Benevento, cinquantenne lasciato per tre giorni in barella muore in ospedale

In seguito ad una malore era stato ricoverato da venerdì scorso al pronto soccorso dell’ospedale “Rummo” di Benevento dove, secondo quanto denunciano i familiari, sarebbe rimasto su una barella fino ad oggi, forse per carenza di posti in corsia, quando i familiari lo hanno trovato morto.
La vittima è Rocco Laudato, un cinquantenne di Casalduni, in provincia di Benevento, la cui moglie e altri familiari hanno presentato un esposto alla Questura.

La salma è stata trasferita all’obitorio, in attesa degli esami del medico legale, incaricato dalla Procura della Repubblica di Benevento, retta da Giovanni Conzo. Ma già infuriano le polemiche. Nell’esposto i familiari avrebbero denunciato le precarie condizioni di degenza della vittima che per oltre tre giorni, secondo la loro denuncia, è rimasto su una barella senza nemmeno una coperta.
Proprio un paio di mesi fa Cittadinanzattiva e Società italiana di medicina di emergenza-urgenza avevano affrontato, attraverso una ricerca che aveva monitorato gli ospedali italiani, «lo stato di salute dei Pronto soccorso». Ed era emersa un’Italia a due velocità, con situazioni che registrano enormi differenze tra Nord e Sud.

Due gli esempi eclatanti: quello dell’Ospedale Santa Marta e Santa Venere di Acireale, in provincia di Catania, dove l’attesa per il ricovero in reparto ha raggiunto il record di 7 giorni e quello dell’Ospedale di Dolo, in provincia di Venezia, dove, invece, l’attesa in Pronto soccorso prima del ricovero è in
media di sole due ore.

Due situazioni “limite”. E, fra loro, il disastro di una Sanità che non riesce a gestire le esigenze dei cittadini, lasciati spesso in barella per giorni. Com’è il caso, appunto, dell’ospedale di Acireale che fa registrare 21 persone in attesa in barella o in sistemazioni di fortuna. Com’è successo, appunto, a Rocco Laudato a Benevento. Da Acireale e Benevento a Roma la situazione cambia.
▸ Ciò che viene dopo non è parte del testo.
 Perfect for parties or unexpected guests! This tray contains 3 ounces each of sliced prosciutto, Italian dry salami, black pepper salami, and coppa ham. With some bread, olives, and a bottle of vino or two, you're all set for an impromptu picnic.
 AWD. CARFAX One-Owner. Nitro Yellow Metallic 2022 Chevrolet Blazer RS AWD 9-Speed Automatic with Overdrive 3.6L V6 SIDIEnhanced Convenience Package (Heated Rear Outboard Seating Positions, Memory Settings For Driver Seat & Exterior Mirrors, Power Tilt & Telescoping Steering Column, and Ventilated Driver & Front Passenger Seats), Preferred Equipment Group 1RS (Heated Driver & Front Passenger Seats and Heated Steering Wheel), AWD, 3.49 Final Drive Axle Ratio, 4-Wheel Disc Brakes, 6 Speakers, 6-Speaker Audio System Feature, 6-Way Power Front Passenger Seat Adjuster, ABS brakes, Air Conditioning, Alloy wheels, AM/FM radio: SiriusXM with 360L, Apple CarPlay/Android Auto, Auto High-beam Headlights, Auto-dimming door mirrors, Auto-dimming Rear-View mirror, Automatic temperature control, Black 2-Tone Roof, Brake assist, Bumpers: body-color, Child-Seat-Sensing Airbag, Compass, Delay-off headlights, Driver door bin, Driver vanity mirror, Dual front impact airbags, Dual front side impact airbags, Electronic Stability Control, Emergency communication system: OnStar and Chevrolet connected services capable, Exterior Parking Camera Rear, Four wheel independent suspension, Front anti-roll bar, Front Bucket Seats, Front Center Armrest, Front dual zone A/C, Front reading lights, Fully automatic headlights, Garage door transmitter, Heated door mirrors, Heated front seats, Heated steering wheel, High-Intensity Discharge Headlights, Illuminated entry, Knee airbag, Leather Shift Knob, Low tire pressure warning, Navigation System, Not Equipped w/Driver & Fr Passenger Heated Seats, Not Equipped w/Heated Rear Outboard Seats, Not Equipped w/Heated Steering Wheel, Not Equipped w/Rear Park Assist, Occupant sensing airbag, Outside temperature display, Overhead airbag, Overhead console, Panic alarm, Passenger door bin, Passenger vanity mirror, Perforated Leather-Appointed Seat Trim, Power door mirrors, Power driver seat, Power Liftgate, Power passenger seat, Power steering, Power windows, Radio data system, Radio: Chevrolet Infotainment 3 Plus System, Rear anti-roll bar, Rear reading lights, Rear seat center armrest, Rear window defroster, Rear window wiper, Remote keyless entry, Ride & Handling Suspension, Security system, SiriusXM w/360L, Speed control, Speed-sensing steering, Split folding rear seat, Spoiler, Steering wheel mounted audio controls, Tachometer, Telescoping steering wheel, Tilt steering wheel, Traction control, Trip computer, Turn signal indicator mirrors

Ma di poco. Al Policlinico Tor Vergata la ricerca di Cittadinanzattiva ha trovato oltre 30 posti letto improvvisati in Pronto soccorso, altri 42 pazienti nell’area di Osservazione breve ed attese per il ricovero fino a 4 giorni.
Proprio il sovraffollamento e la mancanza di posti letto per il ricovero è, dunque, uno dei maggiori “mali” dei Pronto soccorso italiani.
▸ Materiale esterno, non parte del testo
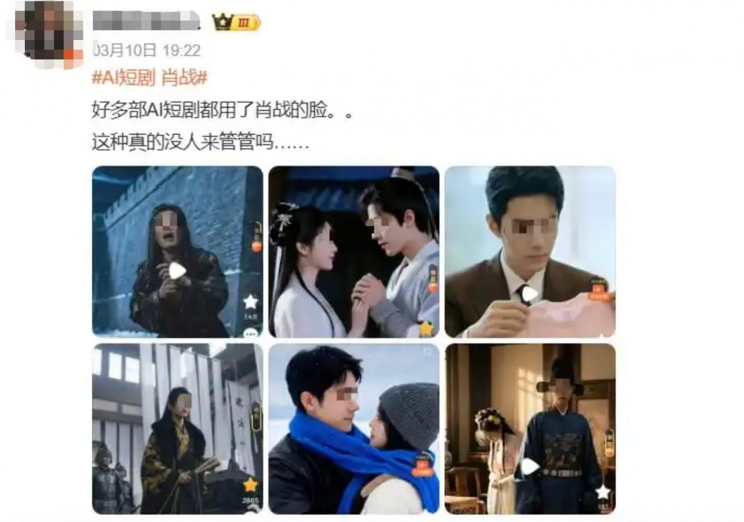 3月10日,有网友发现多部AI短剧盗用了肖战的脸。其中红果平台一部微短剧里的主角最离谱,不管是长相还是服饰,都高度撞脸肖战在《藏海传》里的造型。随后,词条“AI短剧 肖战”“AI短剧侵权肖战最高可判10年”冲上热搜。
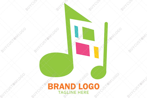 LOGO DESIGN DESCRIPTION This is a customized logo created using the emblems of a quaver and crotchet integrated together to form a beam note which incorporates with it an abstract gallery. Turquoise, green, yellow and pink are used in the design however it could be reproduced in any colours of your choice without the loss of quality. Highly suitable for businesses related to music entertainment.

Ci sarebbe la Carta dei Diritti al Pronto Soccorso, che definisce in otto punti i diritti irrinunciabili di cittadini, pazienti e operatori. E che prevede diritto alla presa in carico, diritto alla dignità personale, diritto alla continuità dei percorsi di cura, diritto alla prevenzione delle emergenze evitabili, diritto all’informazione, diritto alla competenza, diritto alle sei ore massime di attesa prima del ricovero, diritto all’attuazione della Carta. Che, per l’appunto, escludendo il Piemonte, per tutto il resto dell’Italia, resta, al momento, solo una carta.